Luckily, we had the perfect place available. My grandparents built a cottage in Michigan back when I was in 5th grade. It’s been a Mecca for our family ever since, with different uncles and cousins and friends developing their own traditions there, and on rare and special occasions we’ve overlapped our visits. We had a family reunion at the cottage for my grandmother’s 80th birthday over a decade ago. We had our Y2K New Year’s Eve bash there. It’s where Ian and I spent our honeymoon.
(Aden at the cottage, ready to hit the woods last spring with binoculars and tutu.)
The house has one of the best designs I’ve ever seen. It’s not really very big, but it contains everything you need very cleverly, and it feels spacious. There is a big main room with a ceiling that slants up both stories, and it’s the room where everything happens. It has the dining area on one end with a fireplace in the middle and a couch and TV at the other end. There is a kitchen that isn’t closed off from anything, a bathroom, a bedroom. and a utility closet. Up the spiral staircase is another bathroom and two small bedrooms. If you’re not in your bedroom, you’re out with the family, and there is enough space in the big room that more than one activity can be going on without getting in each other’s way. You can cram a ton of people in that cottage if you bring sleeping bags. For several years we’ve met my friend Alit and her family up there each summer, and the ten of us fit quite happily.
I don’t recall any trips to the cottage that weren’t fun, unless you count the time my brother Arno had to have his appendix out. My other brother and I still managed to have a good time playing outside all day while mom and grandpa took turns sleeping after alternate trips to the hospital. So maybe Arno and mom can’t claim an unbroken streak of fun at the cottage, but for the rest of the family it’s been a consistently special place.

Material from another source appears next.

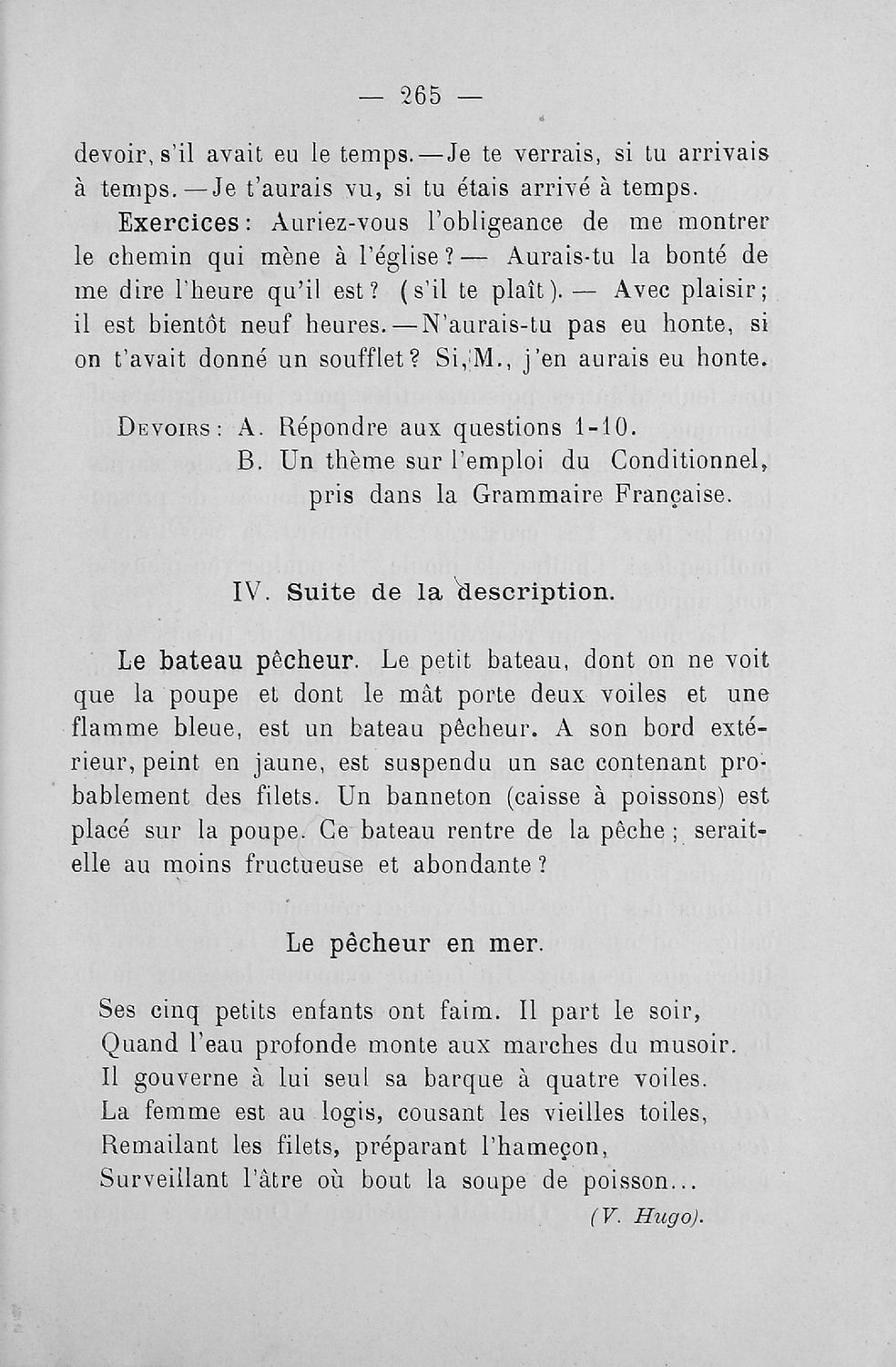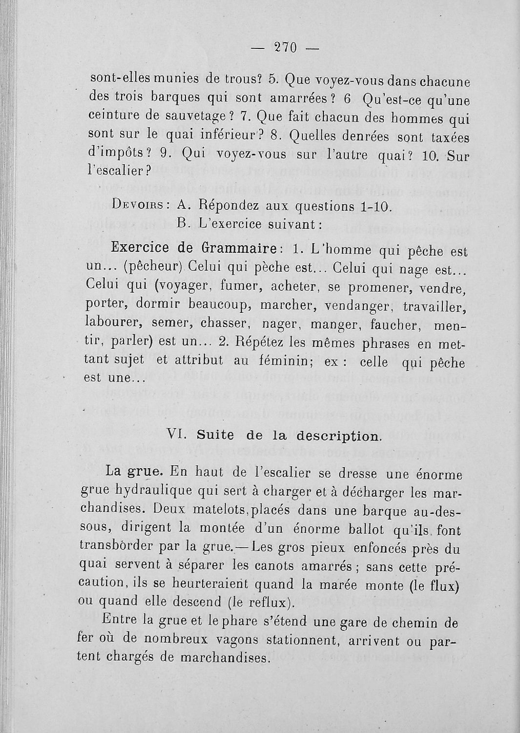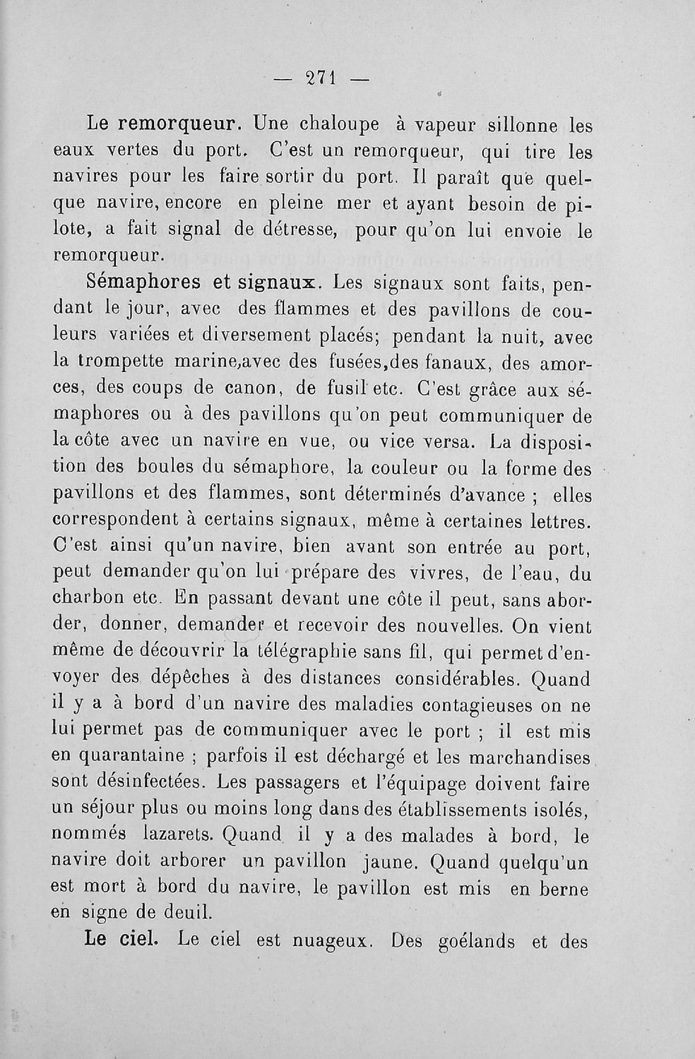 Σχολικό εγχειρίδιο Γαλλικών που περιλαμβάνει κείμενα, λεξιλόγιο και ασκήσεις. Ο συγγραφέας ήταν καθηγητής της Δημόσιας Εμπορικής Σχολής Αθηνών και του Αρσακείου.

The sad thing is this particular trip may have been our last. I hope not, but there has been talk since last year of the cottage being sold to help pay for grandma’s care in the nursing home. I know it would make grandma sad to have the cottage leave our family, but there is something poetic about one last investment of grandpa’s helping her out yet again. I understand it, but it pains me to let one more thing go. It was hard losing my grandpa back when I was in high school. It’s hard to slowly be losing my grandma. I still can’t believe my grandpa never got to meet my husband or my kids. He would have loved them.
But by sharing the cottage with my kids and seeing them retrace some of my own steps up the staircase or into the woods it’s like having their lives overlap somehow with other people and times I’ve loved. I look around the cottage and I get to have my grandparents back a little. They did all the staining of all the woodwork themselves. My grandpa built the bookcase that holds the record player Aden was so delighted with this weekend. I got to feed my kids breakfast on my grandma’s dishes. My grandma used to spend every June up at the cottage, and her things are still there. Everyone who visits the cottage now is still just borrowing it, so even though she will likely never go there again, it’s still set up as her second house. Her nightgown is hanging in the closet. Her picture of grandpa still smiles at us from atop the dresser.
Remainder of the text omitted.